Ik heb 'eeuwen' op mijn nagels gebeten...maar echt extreem

Sinds 2002 ben ik daarvan af,maar mijn nagels zijn zeer broos en splisten vlug...dit ook door veelvuldig gebruik van kunstnagels,waar ik begin 2007 mee gestopt ben...nooit meer!!

Maar het probleem blijft...nu behandel ik ze iedere dag met een nagelverharder(van Glycerona,die geeft gelijk een mooie glans ook),maar toch blijven ze zeer broos...

Heeft iemand advies of tips voor me????

Grtzz Agnes Xx

----------


## snipper

Hoi Agnes,

Ik heb hetzelfde probleem en bij mij werkt nagelverharder absoluut niet! Ik heb ook nog een tijdje gewone nagellak gebruikt met het idee dat je nagel dan "beschermd" wordt, maar mijn ervaring is dat het er alleen maar erger van wordt.
Nu hou ik mijn nagels gewoon kort, dan scheuren ze niet zo snel. Ik vind korte nagels niet zo mooi, maar dat is beter dan steeds allemaal haakjes aan je nagels!

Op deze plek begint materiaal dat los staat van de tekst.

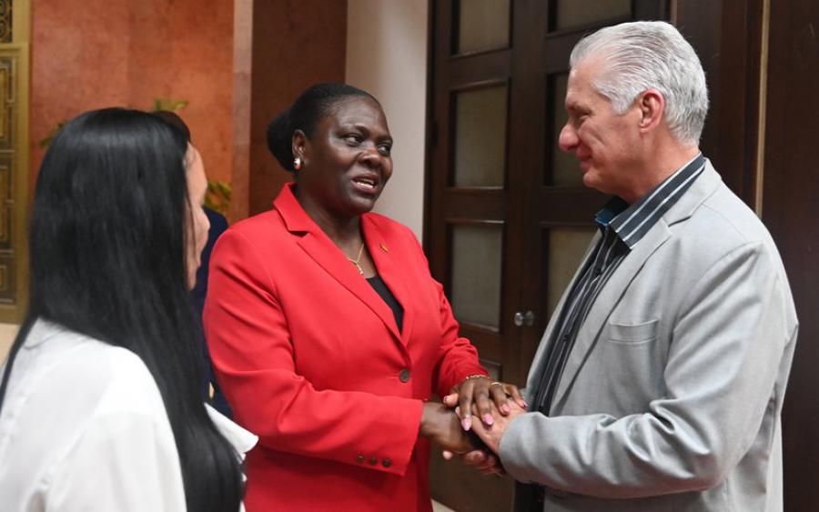 La Havane, le 22 septembre 2025. - Le président de la République de Cuba, Miguel Díaz-Canel Bermúdez, a reçu lundi après-midi, au Palais de la Révolution, Son Excellence Madame Celmira de Almeida do Sacramento dos Santos Lourenco, présidente de l'Assemblée nationale de la République démocratique de Sao Tomé-et-Principe.

Dus ik ben inderdaad ook wel benieuwd of er iemand is die hier wel een effectief middeltje voor heeft!

Groetjes

----------


## irbe

Dag Agnes, 
Ik had ook broze nagels en ging op een beurs naar de stand van Herôme. Daar vertelden ze me dat mijn nagelbedden te droog waren waardoor mijn nagels heel regelmatig afbraken. Ik smeer nu heel regelmatig mijn vingers rond de nagels en mijn nagels zelf goed in met handcreme (Herôme heeft daar ook een speciaal product voor : Cuticle & Nail remedy maar ik vind dit nogal duur) en ik heb ondervonden dat mijn nagels inderdaad verbeterd zijn. Er bestaat ook een soort nagellak van Herôme : Nailhardener. Het bestaat in verschillende sterktes. Van dat product mag je 2x per jaar een kuur van 14 dagen gebruiken. Ik ondervind daar wel veel beterschap mee maar je moet wel wat geduld oefenen hoor want het verschil ondervind je niet na 3 weken. Het lijkt of ik Herôme wil promoten maar dat is niet zo hoor. Alleen maar ondervonden dat de producten niet slecht zijn (jammer dat het vrij duur is). Veel succes dus.
Irbe

----------


## Déylanna

Wat sowieso al fout is, is nagelverharder te gebruiken.
In bijna alle nagelverharders zit formaldehyde. Dit maakt juist de nagels broos.
Wil je toch nagelverharder gebruiken, gebruik dan het merk Creative, deze zijn zonder formaldehyde. Of dit merk bij de drogist te koop is weet ik niet, maar wel bij sommige nagelstyliste.
Broze nagels kunnen ook voortkomen aan een tekort aan eiwitten,
of door het gebruik van bepaalde schoonmaakmiddelen.
Wat zou kunnen helpen is je nagels regelmatig een minuut of vijf in een bakje olijfolie of een mengsel van warm water en speciale nagelolie.
Vijl broze nagels zo recht mogelijk af. In puntvorm gevijlde nagels breken sneller af, en drie keer daags insmeren met herstellende nagelcreme.

liefs
Déy

----------


## Agnes574

Thanks voor de interessante en goede tips lieverd!!
Ik ga achter die nagelverhander zonder formaldehyde aan!!!  :Wink: 

Xx

----------


## Sylvia93

ik heb het heel erg gehad dat mijn nagels gingen splijten
ik vond dat zo irritant omdat ik ze dan steeds ging mollen, en ik wilde graag mn nagels langer laten groeien omdat ik zelf nailart op mn nagels doe...
nu doe ik er nog steeds nailart op, maar daarbovenop doe ik nog een laag transpirante lak(nagelverharder) op, nu heb ik er eigenlijk niet zoveel last meer van,
mja ik denk ook dat het aan je eigen soort nagels ligt, ik denk bijv niet dat het bij iedereen werkt om je nagels te lakken en daarover een nagelverharder te gebruiken, maar goed we zullen zien he :Big Grin: 

xxx

----------


## Sylvia93

Hee Agnes,

Ik heb laatst iets bij de drogist gezien, was een soort flesje wat speciaal tegen broze/splijtende nagels is. Alleen domme ik heeft er niet op gelet hoe dat heette, en of het werkt weet ik natuurlijk ook niet, het viel me alleen op. Dit heb ik iig gezien bij een dirk van den broek drogisterij, geen flauw idee of ze dat ook in België hebben trouwens..

xxx

----------